The Many Flavors of Equivalence Checking: Part 5, Summary of the Most Popular LEC and SLEC Use Cases
As I noted at the beginning of this series, the term “logic equivalence checking” (LEC) applies to a number of very different tools that cover a wide variety of high-value verification tasks. Even experienced engineers can get tripped up in mapping equivalency checking requirements to the corresponding tool and work flow, hence the below summary drawn from this series for you to quickly reference when these need(s) arise. The common thread in all these flows: the employment of an automated, exhaustive formal analysis – without having to learn formal itself – so you can focus on the bigger picture.
———-
Task: RTL synthesis validation — exhaustively prove that the gate-level netlist exactly mimics the HDL circuit’s behavior
Tool(s): Mentor’s FormalPro Logic Equivalence Checking (LEC) tool
Detailed Post: Part 1 of this series: Synthesis Validation with LEC and SLEC (a/k/a the Most Popular Formal Apps Ever),
Reminder: The critical criterion for a successful LEC run is that the two designs’ behaviors are perfectly the same at the outputs – i.e. measured at the perimeters they have exactly the same number of states and signaling behaviors.
———-
Task: High-level synthesis validation — exhaustively prove the equivalence of the RTL generated by high-level synthesis tool to the original C/C++/SystemC code
Tool(s): Mentor SLEC-HLS
Detailed Post & Links: Part 1: Synthesis Validation with LEC and SLEC, Google case study, NVIDIA case study
Reminder: The twist in this use case is that a C/C++ Specification does not have any explicit clocks at all; and SystemC Specification code is often timed or clocked in a very basic manner separating threads/registers/states, with possibly no intra-circuit timing. Hence, it is impossible to expect the more concrete RTL Implementation code created by the HLS tool to have exactly the same number of states as the Specification given the HLS algorithms will inevitably have to insert registers (i.e. extra states) to preserve data to meet clocking constraints imposed by the physical world.

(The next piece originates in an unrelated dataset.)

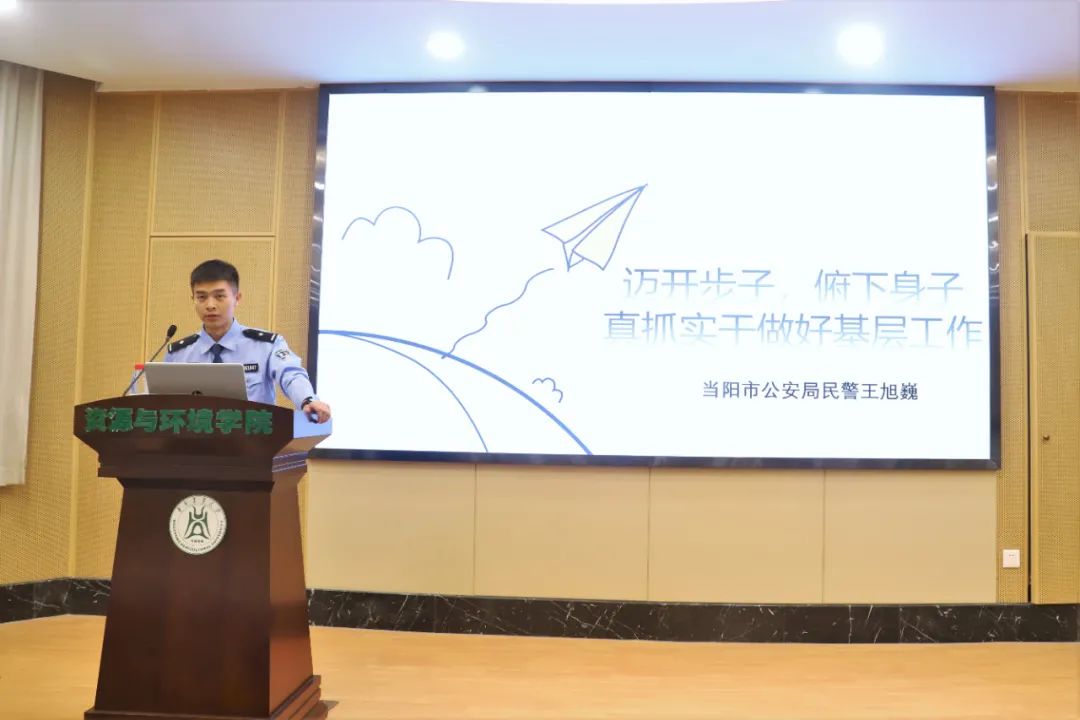 为帮助同学们清晰地了解基层生活,6月19日上午,我院生涯规划与职业发展部在西附楼报告厅举办了第202107期绿博轩暨校友故事分享会活动,本次活动邀请了我院2020届毕业生、湖北省当阳市公安局民警王旭巍进行分享。

Consequently, the Sequential Logic Equivalence Checking (SLEC) analysis allows for the number of states to differ between the two as long as the ultimate output data/signals are the same in the RTL as they were at the C-level.
———-
Task: RTL ECO and bug fix verification
Tool(s): Questa SLEC
Detailed Post & Links: Part 2: How SLEC Brings Automated, Exhaustive Formal Analysis to ECO/Bug Fix Verification
Reminder: The automated, exhaustive formal algorithms will find behavioral differences appearing at the outputs of the “unfixed” vs. the “fixed” designs. Unless your change is really small, a best practice here is to insert enabling logic ahead of the ECO where you run the analysis with the ECO disabled so you can check that backward compatibility between the old and new DUT is maintained – implicitly confirming you didn’t break anything when you slotted in the ECO/bug fix. Of course, there are also cases where an ECO is actually NOT supposed to change the DUT behavior at all – more aggressive clock gating, etc.
———-
Task: Verifying low power clock gating logic (e.g. verifying your “chicken bits” work)
Tool(s): Questa SLEC
Detailed Post & Links: Part 3: How SLEC Brings Automated, Exhaustive Formal Analysis to Low Power Clock Gating Verification, Erik Seligman, Tom Schubert, M V Achutha Kiran Kumar, Formal Verification, An Essential Toolkit for Modern VLSI Design. © 2015 Elsevier – MK, pp. 236-237
Reminder: A DUT without any chicken bit logic should perform identically to a DUT WITH chicken bit logic that is not activated. Hence, as with the logic synthesis validation flow, by definition any differences detected between the “Specification” and “Implementation” code are clearly a bad thing and need to be fixed ASAP.
———-
Task: Safety mechanism verification
Tool(s): Questa SLEC
Detailed Post & Links: Part 4: How SLEC Brings Automated, Exhaustive Formal Analysis to Safety Mechanism Verification
Reminder: If any difference in behavior is detected between the regular DUT and the safety mechanism logic with NO faults, and that same IP but WITH faults added, it means there is a flaw in the safety mechanism logic to mitigate the injected fault(s). The good news is that this analysis runs significantly faster than other approaches AND you don’t have to spend any time writing a testbench!
———-
Task: Verification of the recoding of VHDL design into to Verilog (or vice-versa)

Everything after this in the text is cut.